Developing good notation was one of Dodgson/Carroll’s ongoing efforts, though. I’m not aware of any of his symbols that have got general adoption. But he put forth some interesting symbols to denote the sine and cosine and other trigonometric functions. In 1861, the magazine The Athanaeum reviewed one of his books, with its new symbols for the basic trigonometric functions. (The link shows off all these symbols.) The reviewer was unconvinced, apparently.

I confess that I am, too, but mostly on typographical grounds. It is very easy to write or type out “sin θ” and get something that makes one think of the sine of angle θ. And I’m biased by familiarity, after all. But Carroll’s symbols have a certain appeal. I wonder if they would help people learning the functions keep straight what each one means.

The basic element of the symbols is a half-circle. The sine is denoted by the half-circle above the center, with a vertical line in the middle of that. So it looks a bit like an Art Deco ‘E’ fell over. The cosine is denoted by the half circle above the center, but with a horizontal line underneath. It’s as if someone started drawing Chad and got bored and wandered off. The tangent gets the same half-circle again, with a horizontal line on top of the arc, literally tangent to the circle.

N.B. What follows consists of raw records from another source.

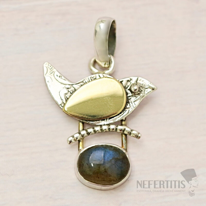 Uchvacujúci a výnimočný strieborný, čiastočne pozlátený, prívesok s prvotriednym prírodným labradoritom, s výraznou dúhovou hrou farieb, v ktorom sa pri dopade svetla kúzelne rozžiari jasná modro zlatá farba. Ag 925. Nechajte sa očariť krásou a hrou jeho žiarivo modrej farby. Vďaka hre farieb ide o atraktívny a neprehliadnuteľný šperk. Kupujete priamo vyobrazený šperk.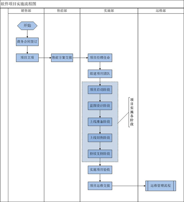 快普軟件項(xiàng)目實(shí)施分為五個階段:項(xiàng)目啟動階段、藍(lán)圖設(shè)計階段、上線準(zhǔn)備階段、上線切換階段、持續(xù)支持階段。每個階段都有對應(yīng)的階段交付成果。完成這五個階段的任務(wù)之后,進(jìn)入實(shí)施項(xiàng)目驗(yàn)收階段。實(shí)施驗(yàn)收完成之后,轉(zhuǎn)入運(yùn)維部門,實(shí)施過程結(jié)束。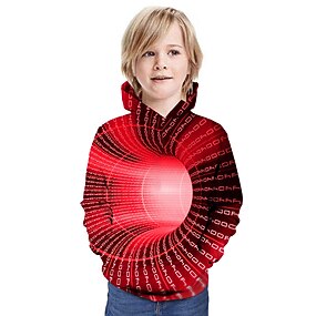 Sudadera con capucha para niños de manga larga con estampado 3D y ilusión óptica en color rojo, ideal para otoño e invierno, ideal para uso diario, para interior y exterior, de 4 a 12 años.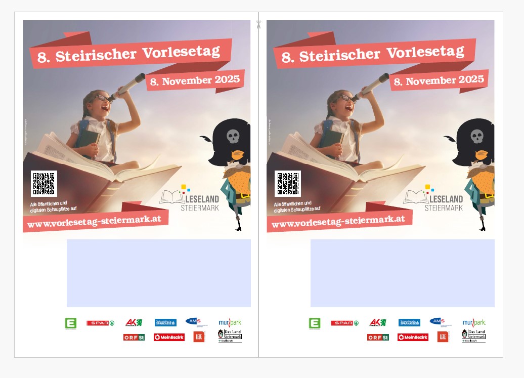 Zusätzlich zu den Plakaten steht Ihnen für Ihre Öffentlichkeitsarbeit auch ein Flyer im A5-Format zur Ankündigung Ihrer Vorleseveranstaltung unter den Downloads auf unserer Website zur Verfügung. Dieser A5-Flyer ist eine editierbare PDF-Datei, d.h. Sie können im markierten weißen Bereich Ihre eigene Veranstaltung einfügen. Zusätzlich können Sie noch zwei weitere Logos links vom Text platzieren, bevor Sie die PDF-Datei ausdrucken.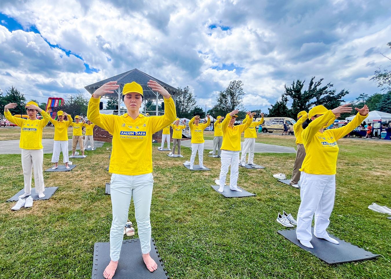 当天由于天气很热,学员们集体展示功法时,使用的坐垫很烫人,然而学员们发现,当功法展示一开始,天上飘来一片云,天气马上就凉爽下来了,等到功法展示结束,天才又热起来,学员们感到神奇。炼功现场殊胜祥和,吸引许多游客驻足观看,纷纷前来了解法轮大法。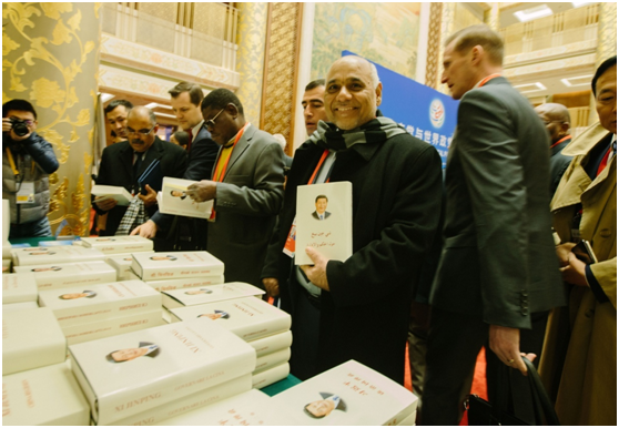 北京已進入寒冬,釣魚台國賓館裏的池塘都結上了薄冰。這樣的天氣卻與上週六國賓館芳華苑大堂內的氣氛形成鮮明對比。“西語版的再來3本!”“請問還有斯瓦希里語的嗎?”“麻煩拿一本英語,一本法語的,謝謝!”……這是位於大堂左側的櫃枱正在發放《習近平談治國理政》的熱鬧場景,來自各國的政黨代表都在爭先恐後地領取這本中國國家領導人的著作。一名非洲代表捧着3本書,難掩喜悦之情地對《環球時報》記者説:“我要帶回去給同事和朋友。只可惜這本書很厚,我擔心托運行李超重,沒辦法帶太多。”第二天,記者再去這個櫃枱時,書籍已被領完。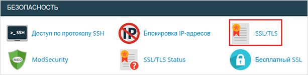 Для подключения SSL на хостинге Cpanel нужно перейти в соответствующий раздел на вашей панели управления. Он находится во вкладке “Безопасность”.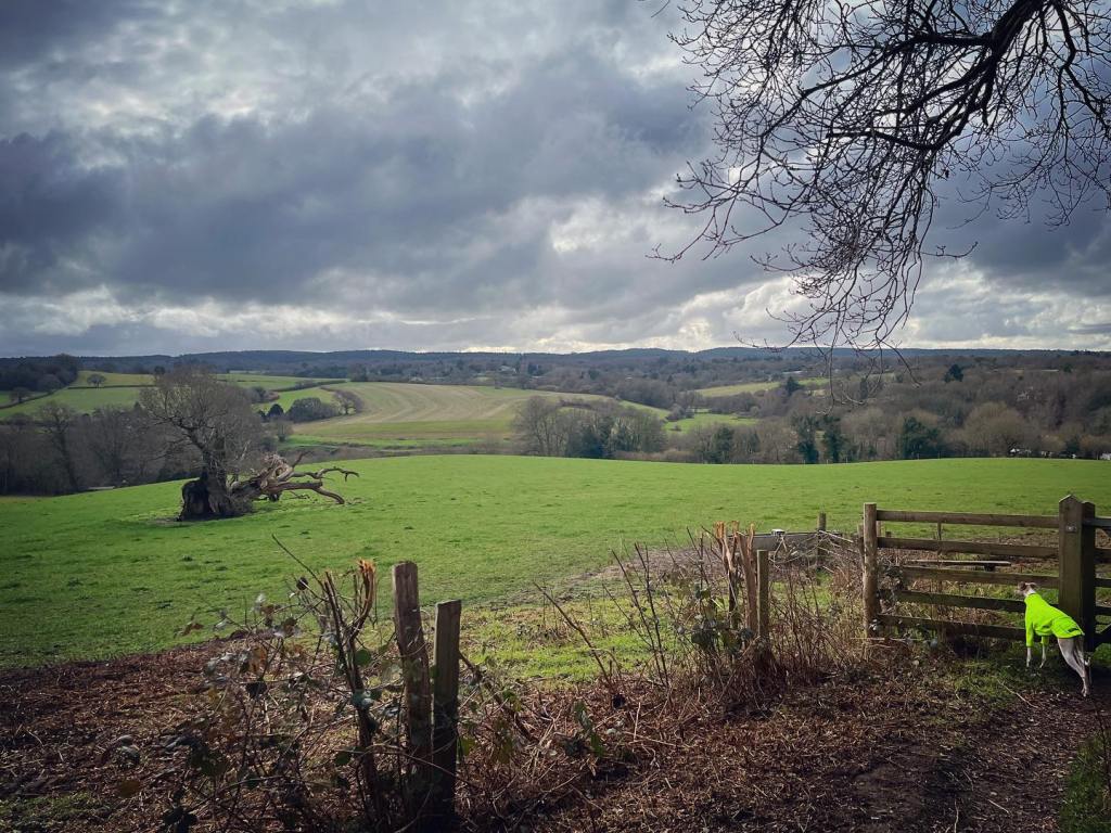 This is one of the most wooded areas of the Roughs. Some of the oak trees here are over 300 years old. The path passes along the edge of the woods, just inside the treeline with fields stretching down to your left. The large white house you can see is Abinger Hall, although not the original by any means. This one was built in 2019, but a succession of grand and increasingly large houses have been built on this site since the 16th century.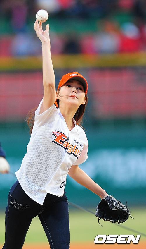 20일 오후 충청북도 청주구장에서 열린 '2012 팔도 프로야구' 한화 이글스와 삼성 라이온즈의 경기에서 미스코리아 출신(99년 미스코리아 진) 탤런트 김연주가 시구를 하고 있다.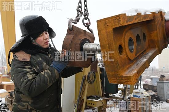 2024年1月11日,克拉玛依市圣起钻采设备有限责任公司技术人员在安装抽油机设备及部件。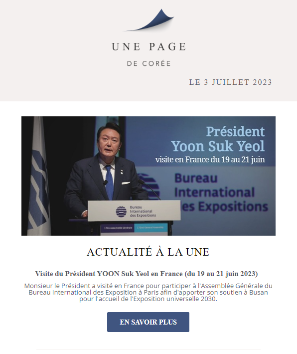 communicationfr@mofa.go.kr (Titre du message : S'inscrire à la newsletter).

There’s a subtle brilliance to this. One of the ordinary ways to think of trigonometric functions is to imagine a circle with radius 1 that’s centered on the origin. That is, its center has x-coordinate 0 and y-coordinate 0. And we imagine drawing the line that starts at the origin, and that is off at an angle θ from the positive x-axis. (That is, the line that starts at the origin and goes off to the right. That’s the direction where the x-coordinate of points is increasing and the y-coordinate is always zero.) (Yes, yes, these are line segments, or rays, rather than lines. Let it pass.)

The sine of the angle θ is also going to be the y-coordinate of the point where the line crosses the unit circle. That is, it’s the vertical coordinate of that point. So using a vertical line touching a semicircle to suggest the sine represents visually one thing that the sine means. And the cosine of the angle θ is going to be the x-coordinate of the point where the line crosses the unit circle. So representing the cosine with a horizontal line and a semicircle again underlines one of its meanings. And, for that matter, the line might serve as a reminder to someone that the sine of a right angle will be 1, while the cosine of an angle of zero is 1.

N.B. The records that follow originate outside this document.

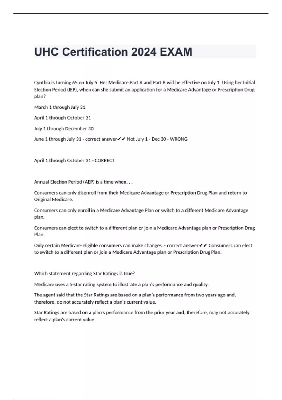 UHC Certification 2024 EXAM Cynthia is turning 65 on July 5. Her Medicare Part A and Part B will be effective on July 1. Using her Initial Election Period (IEP), when can she submit an application for a Medicare Advantage or Prescription Drug plan? March 1 through July 31 April 1 through October 31 July 1 through December 30 June 1 through July 31 - correct answer Not July 1 - Dec 30 - WRONG April 1 through October 31 - CORRECT Annual Election Period (AEP) is a time when. . . Consumers can only disenroll from their Medicare Advantage or Prescription Drug Plan and return to Original Medicare. Consumers can only enroll in a Medicare Advantage Plan or switch to a different Medicare Advantage plan. Consumers can elect to switch to a different plan or join a Medicare Advantage plan or Prescription Drug Plan. Only certain Medicare-eligible consumers can make changes. - correct answer Consumers can elect to switch to a different plan or join a Medicare Advantage plan or Prescription Drug Plan. Which statement regarding Star Ratings is true? Medicare uses a 5-star rating system to illustrate a plan's performance and quality. The agent said that the Star Ratings are based on a plan's performance from two years ago and, therefore, do not accurately reflect a plan's current value. Star Ratings are based on a plan's performance from the prior year and, therefore, may not accurately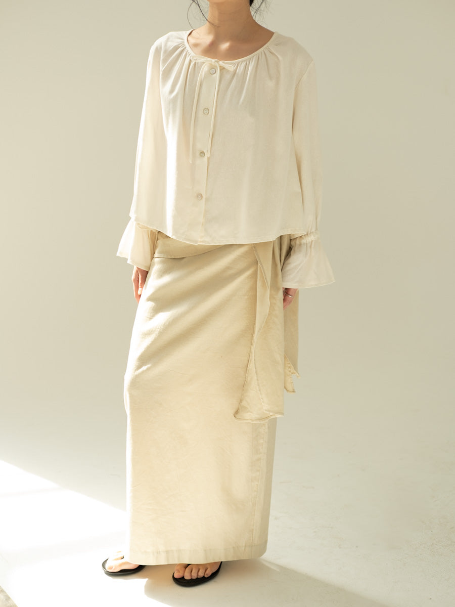 A flowy linen blouse with delicate ribbon details on the front and sleeves.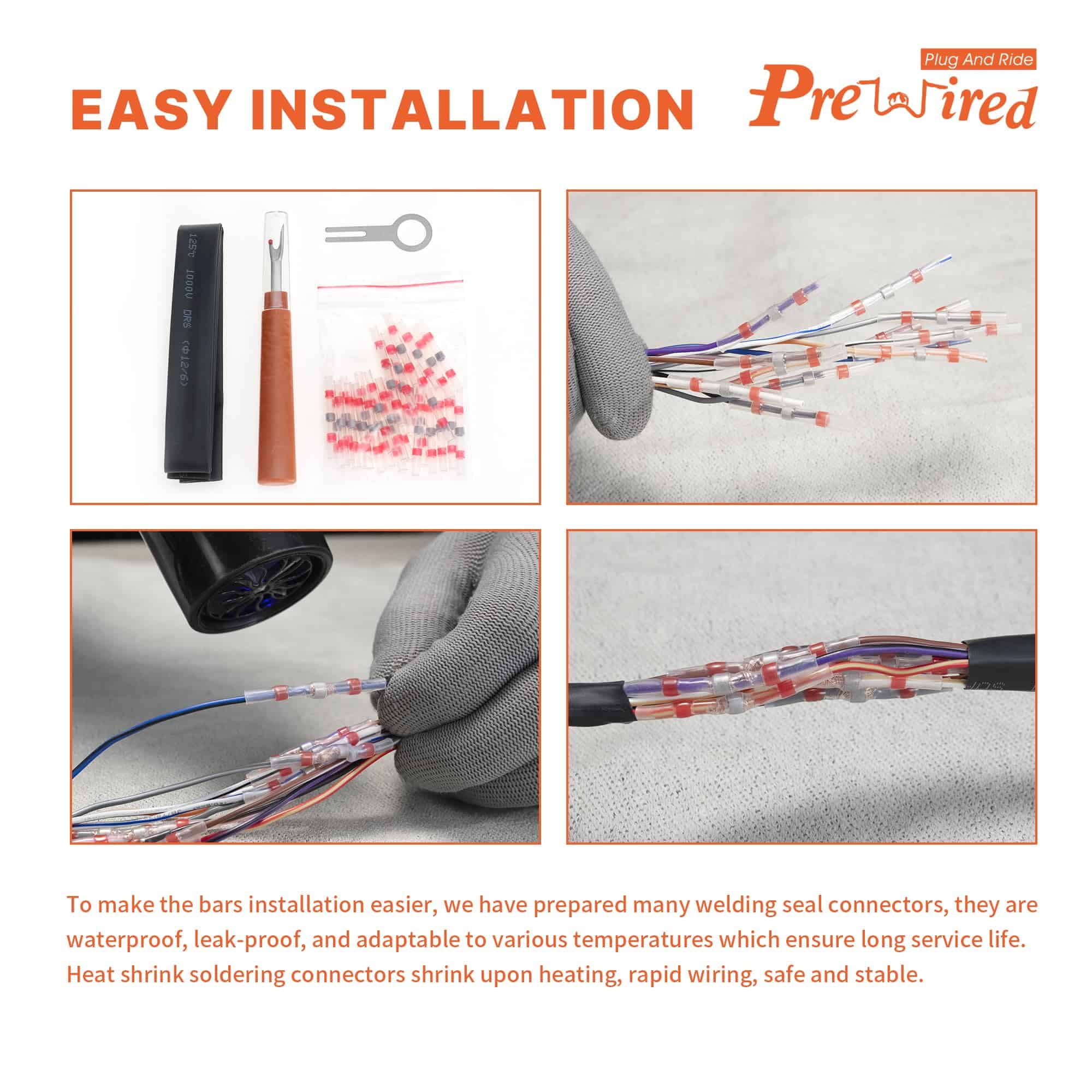 4. Instalación simplificada: Hemos hecho la mayor parte del trabajo pesado preinstalando los cables CAN-Bus y de los calentadores de puños. Ahora, aquí está la acción real: un poco de recorte. Corta tu cableado existente y nuestro cableado precableado, luego conéctalos como un profesional. ¿Por qué el corte? Reconocemos la realidad del espacio limitado del manillar. Evita el dolor de redireccionamiento y comienza a andar en poco tiempo. Tu paseo, tus reglas, hazlo más fácil.

The tangent has a more abstract interpretation. But a line that comes up to and just touches a curve at a single point is, literally, a tangent line. This might not help one remember any useful values for the tangent. (That the tangent of zero is zero, the tangent of half a right angle is 1, the tangent of a right angle is undefined). But it’s still a guide to what things mean.

The cotangent is just the tangent upside-down. Literally; it’s the lower half of a circle, with a horizontal line touching it at its lowest point. That’s not too bad a symbol, actually. The cotangent of an angle is the reciprocal of the tangent of an angle. So making its symbol be the tangent flipped over is mnemonic.

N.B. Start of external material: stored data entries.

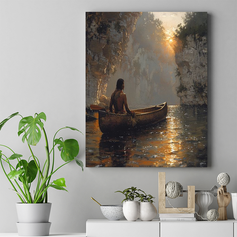 Immerse yourself in tranquility with the Reflections on the River Native American Canvas. This serene artwork features a Native American figure by a calm river, their reflection shimmering on the water, symbolizing introspection, harmony, and a deep connection to the natural world. The gentle flow of the river and the surrounding landscape evoke peace and timeless tradition. Crafted with premium-quality materials, this canvas adds elegance and cultural depth to any space. Perfect for those who cherish Native heritage and the quiet beauty of nature, it’s a timeless tribute to the flowing journey of life and self-discovery.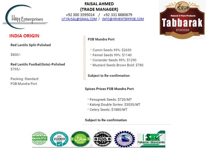 Spices Prices FOB Mundra Port (Subject to Re-confirmation)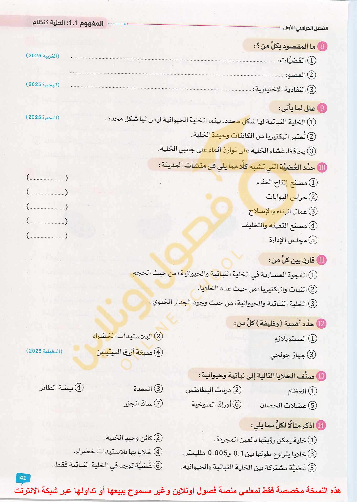 تدريبات سلاح التلميذ علي الدرس الاول المفهوم الثالث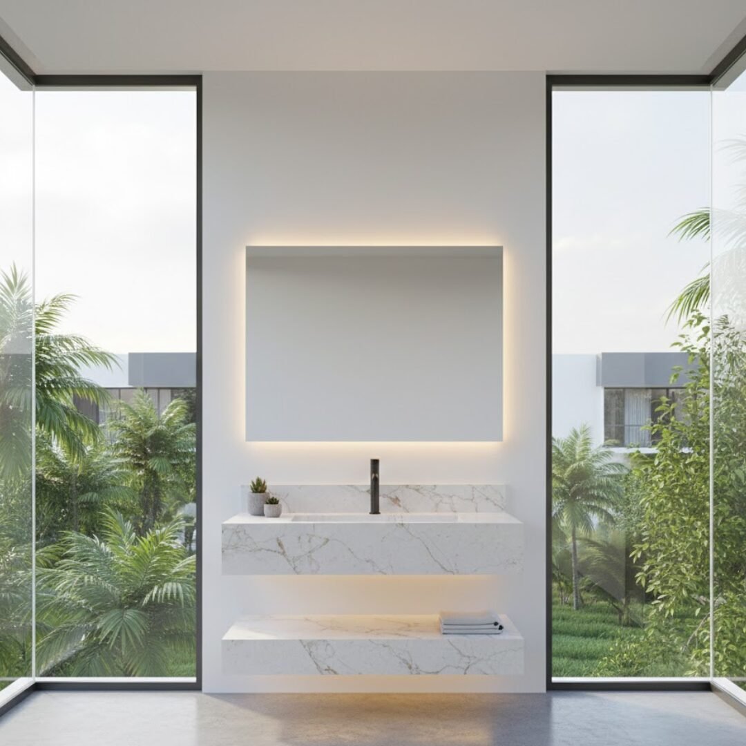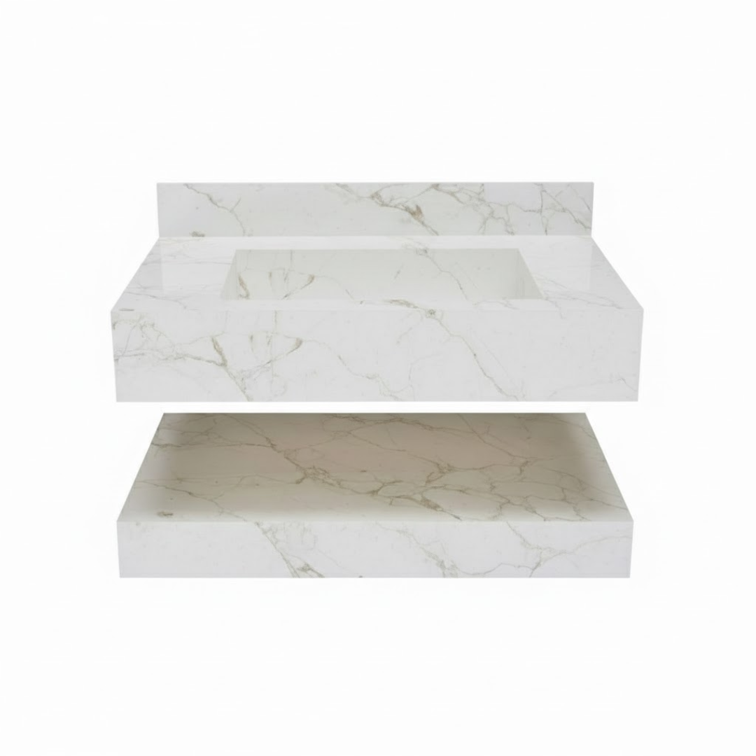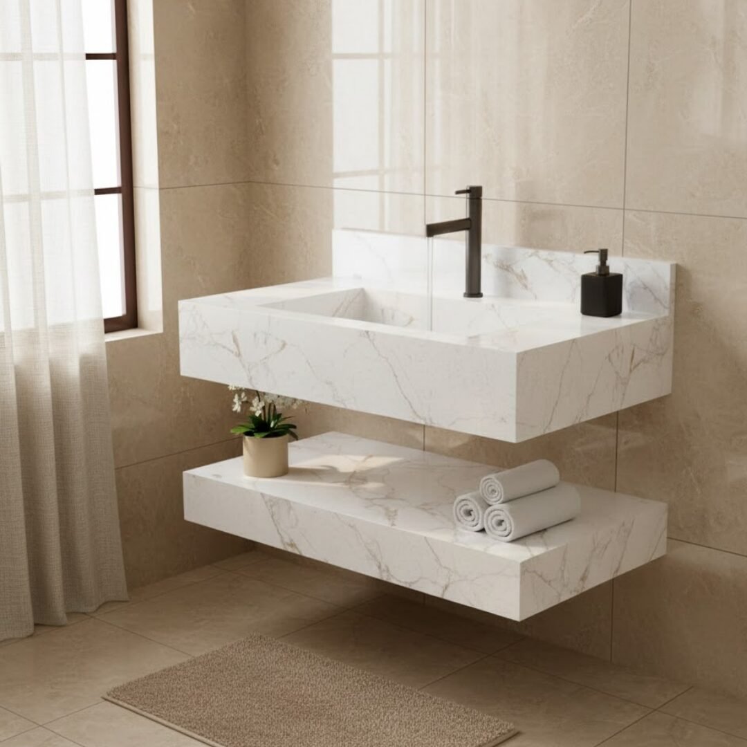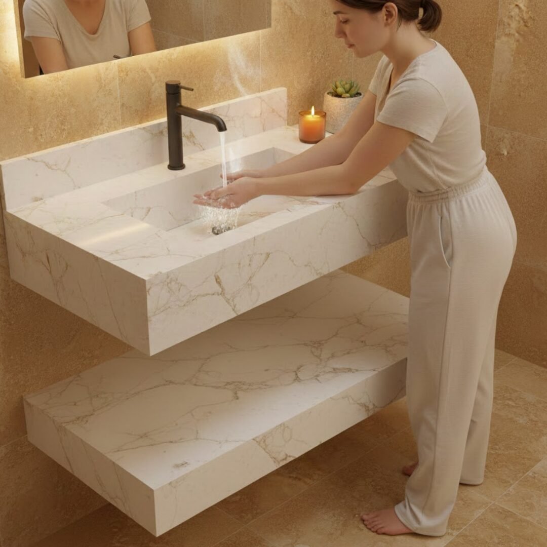 Elevate your bathroom aesthetic with this luxurious floating sink. Crafted from premium stone with rich teal and earthy brown tones, this vanity features a seamless rectangular basin and sleek, minimalist lines. The integrated backsplash and matte black faucet add a touch of modern elegance, while the matching lower shelf provides functional storage.

The secant and cosecant are worse symbols, it must be admitted. The secant of an angle is the reciprocal of the cosine of the angle, and the cosecant is the reciprocal of the sine. As far as I can tell they’re mostly used because it’s hard to typeset \frac{1}{\sin\left(\theta\right)}. And to write instead \sin^{-1}\left(\theta\right) would be confusing as that’s often used for the inverse sine, or arcsine, function. I don’t think these symbols help matters any. I’m surprised Carroll didn’t just flip over the cosine and sine symbols, the way he did with the cotangent.

The versed sine function is one that I got through high school without hearing about. I imagine you have too. The versed sine, or the versine, of an angle is equal to one minus the cosine of the angle. Why do we need such a thing? … Computational convenience is the best answer I can find. It turns up naturally if you’re trying to work out the distance between points on the surface of a sphere, so navigators needed to know it.

And if we need to work with small angles, then this can be more computationally stable than the cosine is. The cosine of a small angle is close to 1, and the difference between 1 and the cosine, if you need such a thing, may be lost to roundoff error. But the versed sine … well, it will be the same small number. But the table of versed sines you have to refer to will list more digits. There’s a difference between working out “1 – 0.9999” and working with “0.0001473”, if you need three digits of accuracy.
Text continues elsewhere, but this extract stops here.